142857 is a curious number:
1 * 142857 = 142857
2 * 142857 = 285714
3 * 142857 = 428571
4 * 142857 = 571428
5 * 142857 = 714285
6 * 142857 = 857142
Note that the numbers are the same and in the same order circularly
7 * 142857 however = 999999.
Explanation, anyone? Or is it just a coincidence?
Originally posted by FabianFnasThen, if you continue the series,
142857 is a curious number:
1 * 142857 = 142857
2 * 142857 = 285714
3 * 142857 = 428571
4 * 142857 = 571428
5 * 142857 = 714285
6 * 142857 = 857142
Note that the numbers are the same and in the same order circularly
7 * 142857 however = 999999.
Explanation, anyone? Or is it just a coincidence?
142857 * 8 = 1142856 (the 7 on the end splits into a 1 and a 6, the 1 going to the beginning of the number and the six remaining at the end).
142857 * 9 = 1258713 (the 4 on the end splits into a 1 and a 3).
Yes, that number is very interesting.
I have sometimes wondered if Cyclical numbers exist in other bases, Base 12 for instance..
I suspect so, and I suspect 1/7 in Base 12 would share similar properties, because 12 % 7 is 5, which is a prime modulo root, a term I didn't know before but an aspect of number theory I had noticed before.
(Composite numbers don't have prime modulo roots unless they are the power of odd prime numbers. The main property of a prime modulo root is as follows...
We define the following:
N is the base number we want to find a prime modulo root for.

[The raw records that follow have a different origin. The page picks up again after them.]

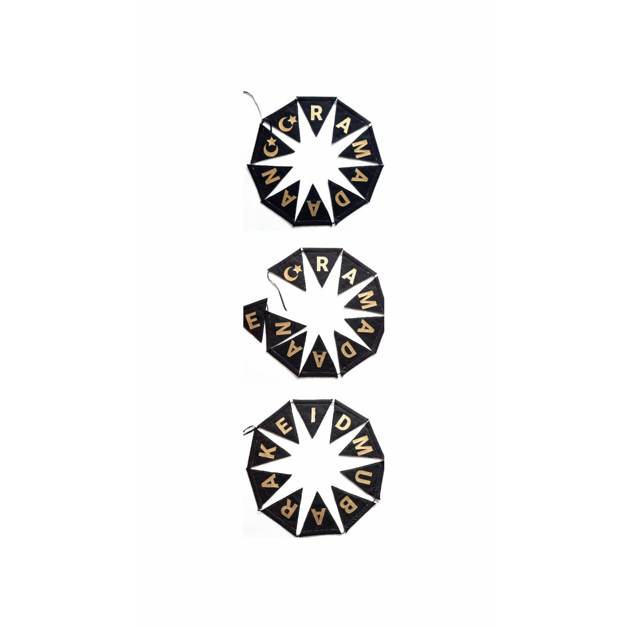 Handmade Ramadaan & Eid Felt Bunting - Black & Gold (Double Sided)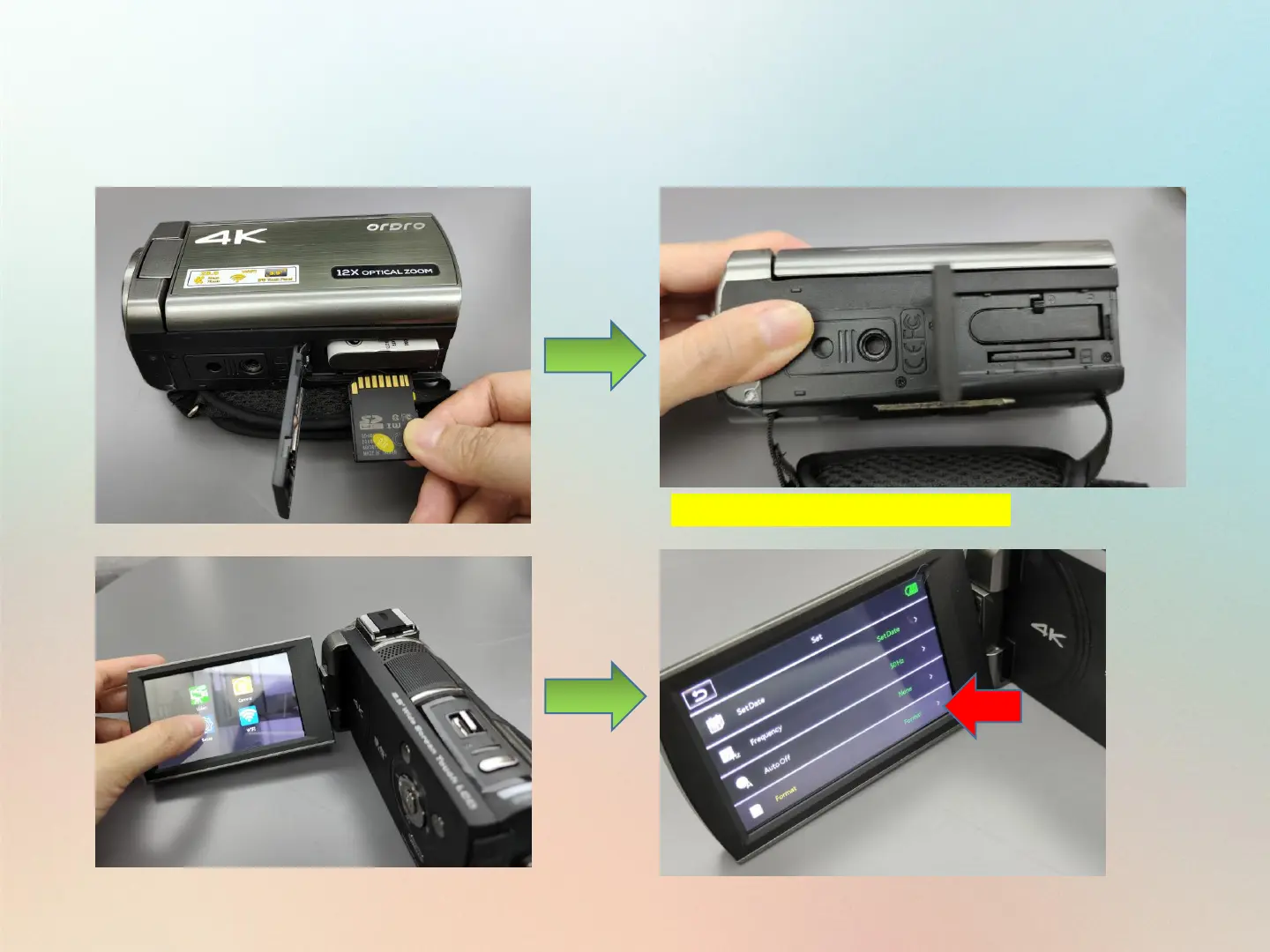 Ordro AX65 - 2 Before You Start; Insert Battery and SDHC 64 GB Card; Format Memory Cards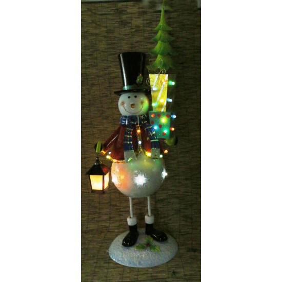 Dekorace Snowman with Tree & Lamp přináší pohádkovou zimní atmosféru do každé vánoční instalace. Usměvavý sněhulák v teplé šále drží vánoční stromek a stojí vedle stylové lampy, která jemně osvětluje celou scénu.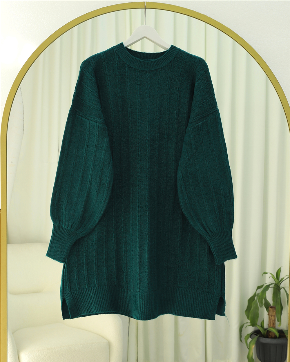 Fitilli Yırtmaçlı Yumoş Triko Tunik -Zümrüt (295-6026-R17)
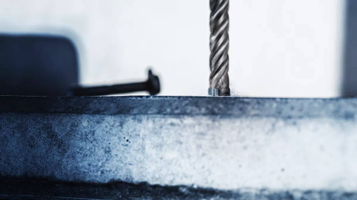 - Fura betão armado com cabeça maciça de metal duro com 4 arestas de corte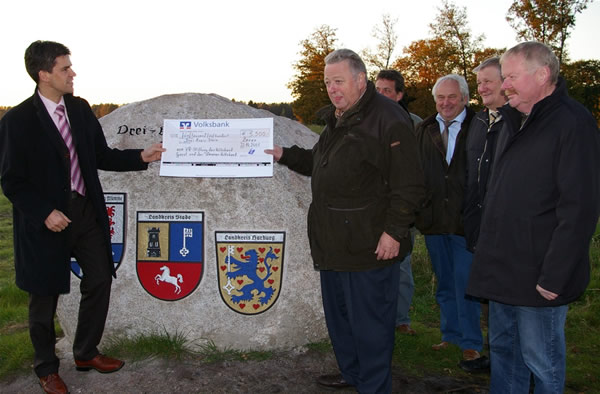 Johann Heins, Vorstand der Zevener Volksbank eG, im Namen seines Hauses, der Volksbank Geest und der niedersächsischen Stiftung der Volks- und Raiffeisenbanken an den Heimatverein einen Scheck über 5.500 Euro. „Dieser Betrag ist aus gemeinsamen Mitteln geflossen, denn auch wir möchten dazu beitragen, Kulturgut der Nachwelt zu erhalten und der Öffentlichkeit zugänglich zu machen“, führte Heins aus. Heimatvereinsvorsitzender Wilhelm Gohde bedankte sich für die großzügige Spende und versprach, den Schaukasten stets aktuell zu halten. Er hoffe, das der Weg noch touristisch ausgebaut werde und viele Wanderer und Radfahrer in diese Idylle kämen, um hier auszuruhen und den Stein zu besichtigen. Hartmut Vollmer merkte an, dass diese Stätte in die offiziellen Gästeführungen künftig mit einbezogen werden solle und der Landkreis sowie der Tourow den Weg dorthin erschließen und beschildern wollten.

P is the candidate for prime modulo root.
f(x) = (P ^ x) mod N
If we start with x=1 and examine the value of f(x) until we find a value of x where f(x)=1, we find length of the cyclical pattern for f(x).
If the length of this pattern is equal to the number of relatively prime numbers below N, then P is a prime modulo root of N.
Composite numbers don't have prime modulo roots unless they are the power of odd prime numbers.Actually, that is not true.
If n is a positive integer the congruence classes coprime to n (that is a set of all integerts 0 < m < n-1 such that gcd(m, n) = 1) form a group with multiplication modulo n). This group, usually denoted az Z/nZ, is cyclic if and only if n is 1, 2, 4, p^k, or 2p^k where p^k is a power of an odd prime number. If Z/nZ is cyclic, the generators are primitive root modulo n.
For example, for n = 14, Z/14Z is { 1, 3, 5, 9, 11, 13 } which is isomorphic to C6 (cyclic group with 6 elements), and the generators are 3 and 5. Hence 3 and 5 are primitive roots modulo 14.
more on this truly interesting topic is here:
http://en.wikipedia.org/wiki/Primitive_root_modulo_n
http://en.wikipedia.org/wiki/Multiplicative_group_of_integers_modulo_n
1/7 = .142857142857142857142857142857142857142857142857...
2/7 = .285714285714285714285714285714285714285714285714...
3/7 = .428571428571428571428571428571428571428571428571...
4/7 = .571428571428571428571428571428571428571428571428...
5/7 = .714285714285714285714285714285714285714285714285...
6/7 = .857142857142857142857142857142857142857142857142...
7/7 = .999999999999999999999999999999999999999999999999... = 1
You get this cycle because when you do 1 divided by 7 there are 6 possible remainders, each of which gets used once. Then you hit a remainder that has already happened before and the cycle repeats (try it).
There are many other numbers like this; Wikipedia has some information here: http://en.wikipedia.org/wiki/Recurring_decimal
Originally posted by 3v1l5w1nI missed the 2p^k term... My apologies.
Actually, that is not true.
If n is a positive integer the congruence classes coprime to n (that is a set of all integerts 0 < m < n-1 such that gcd(m, n) = 1) form a group with multiplication modulo n). This group, usually denoted az Z/nZ, is cyclic if and only if n is 1, 2, 4, p^k, or 2p^k where p^k is a power of an odd prime number. If Z/nZ is cyclic ...[text shortened]... /Primitive_root_modulo_n
http://en.wikipedia.org/wiki/Multiplicative_group_of_integers_modulo_n
I was mainly thinking about numbers like 15, 21, 35, 33... Composite numbers with at least 2 odd prime divisors.